• Problem description: Repeat, line for line, only the span that opens at the "ALCATEL | 5030A 1SE 64GB A: $3,249 1" line and closes at the final line below. Skip the pictures.

• Data for review:
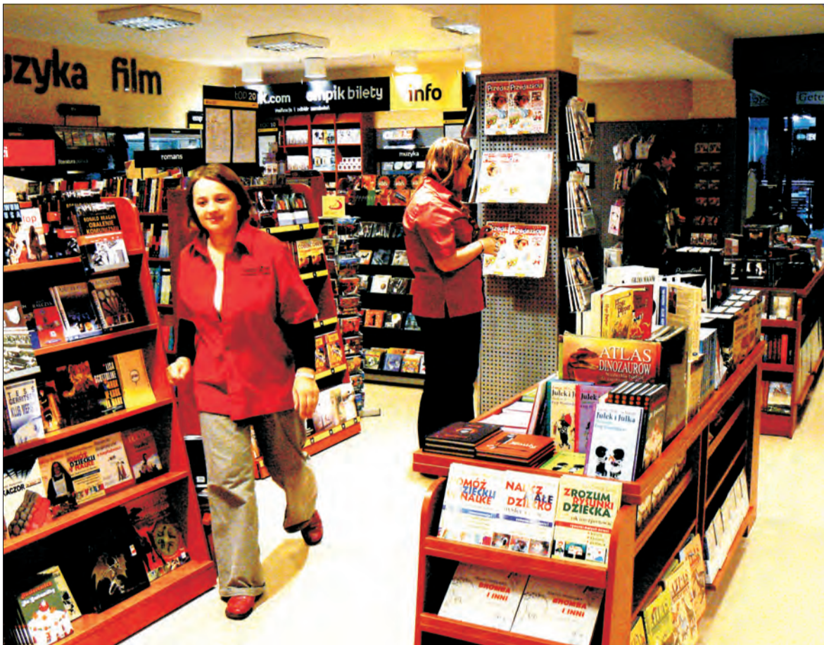
Cicha muzyka w tle i duży wybór książek. Czy Empik przyjmie się w Łowiczu?

W łowickim salonie działa też „empikowy” system kupowania biletów na imprezy muzyczne w całej Polsce, można też będzie bezpłatnie odebrać książki zamówione na stronie internetowej www.empik.com . Klient bez gotówki, ale za to z kartą kredytową lub bankomatową nie tylko może za-
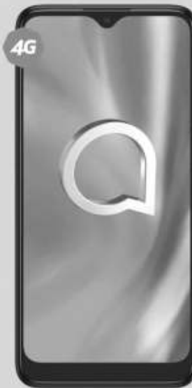
ALCATEL | 5030A 1SE 64GB A: $3,249 1
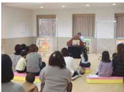
【子育てルームでのおはなし会の様子】

新型コロナウイルス感染予防対策のため電話予約制となりましたが、多くの親子連れが参加し、クリスマスにちなんだ紙芝居や絵本を聞いて楽しいひと時を過ごしました。
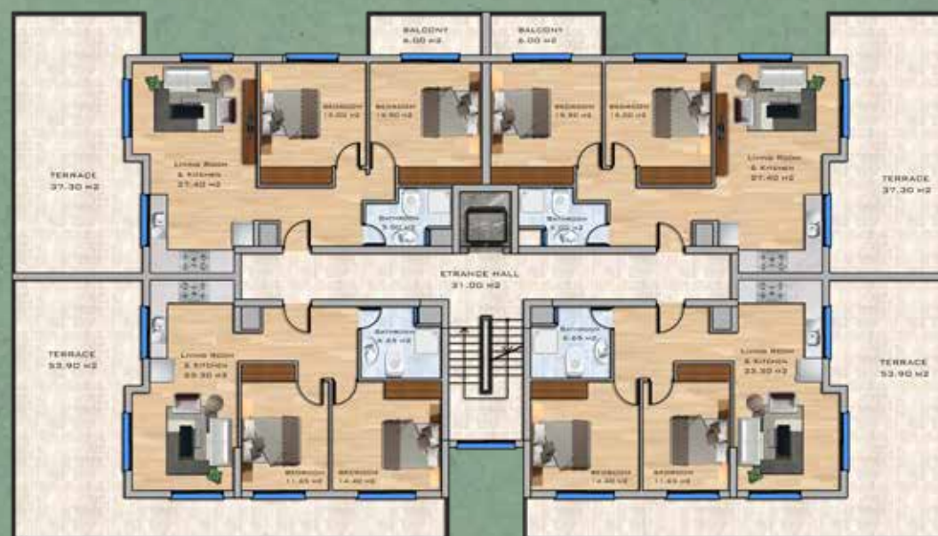
Penthouse Floor Plan
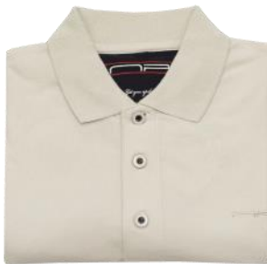
29 Light beige*
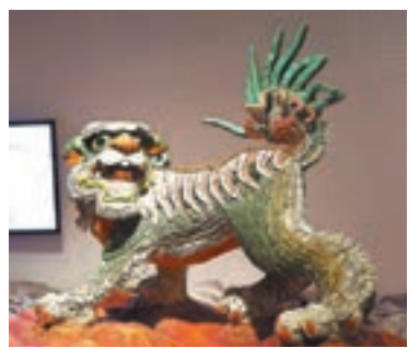
製作於1935年的香港剪瓷獅。
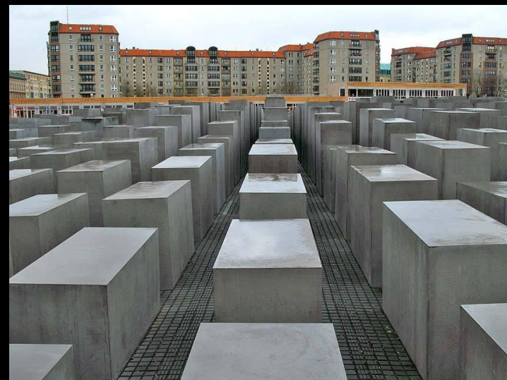
Мемориал жертвам Холокоста в Берлине
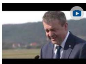
Prievidza má zmodernizované letisko

• Solution:
ALCATEL | 5030A 1SE 64GB A: $3,249 1
【子育てルームでのおはなし会の様子】

新型コロナウイルス感染予防対策のため電話予約制となりましたが、多くの親子連れが参加し、クリスマスにちなんだ紙芝居や絵本を聞いて楽しいひと時を過ごしました。
Penthouse Floor Plan
29 Light beige*
製作於1935年的香港剪瓷獅。
Мемориал жертвам Холокоста в Берлине
Prievidza má zmodernizované letisko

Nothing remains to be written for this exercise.